Schiff: Strategy's $STRC 15% yield may force bitcoin sell-off

Strategy's perpetual preferred is paying 10% above comparable yields, and Schiff's read is that the company will have to lift the dividend or liquidate bitcoin to keep the structure funded.

Schiff: Strategy's $STRC 15% yield may force bitcoin sell-off
Schiff: Strategy's $STRC 15% yield may force bitcoin sell-off

Peter Schiff is arguing that Strategy's $STRC perpetual preferred, currently marketed at a 15% yield, creates a structural squeeze that could force the company to either raise its dividend or sell bitcoin sooner than its long-term treasury thesis assumes.
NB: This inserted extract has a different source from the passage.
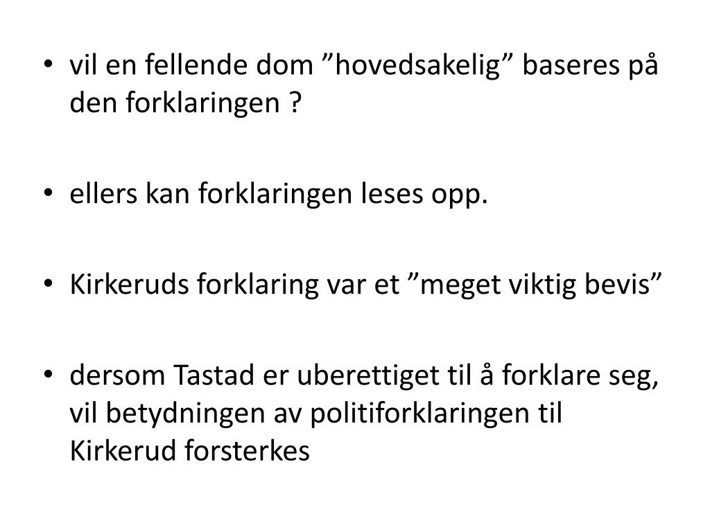 vil en fellende dom ”hovedsakelig” baseres på den forklaringen ? • ellers kan forklaringen leses opp. • Kirkeruds forklaring var et ”meget viktig bevis” • dersom Tastad er uberettiget til å forklare seg, vil betydningen av politiforklaringen til Kirkerud forsterkes

The concern is yield math, not balance sheet size. Strategy funds the $STRC dividend out of cash flow and, when needed, incremental debt or equity. A 10% spread over comparable preferreds means each quarter the company has to extract more from the bitcoin stack or refinance at worse terms to keep the payout competitive with peers.

Why it matters

Strategy's pitch to holders has been that the bitcoin-denominated NAV will compound over time and the preferreds are a yield-plus-upside instrument. Schiff's read is the opposite: the dividend is the binding constraint, and if it creeps higher to defend the share price, the sell-pressure clock starts ticking earlier. The bear case is that $STRC turns into a forced seller into a weak tape rather than a passive holder through cycles.

Market impact

The thesis lands at a sensitive moment: $MSTR has been trading more like a leveraged bitcoin ETF than an operating business, and the preferred stack has been the latest vehicle for income-oriented buyers who don't want direct $BTC exposure. If Schiff's framing gains traction, the marginal dividend-chaser thins out, and the bid for the preferreds softens right when the company is most reliant on that bid to fund the next leg of accumulation.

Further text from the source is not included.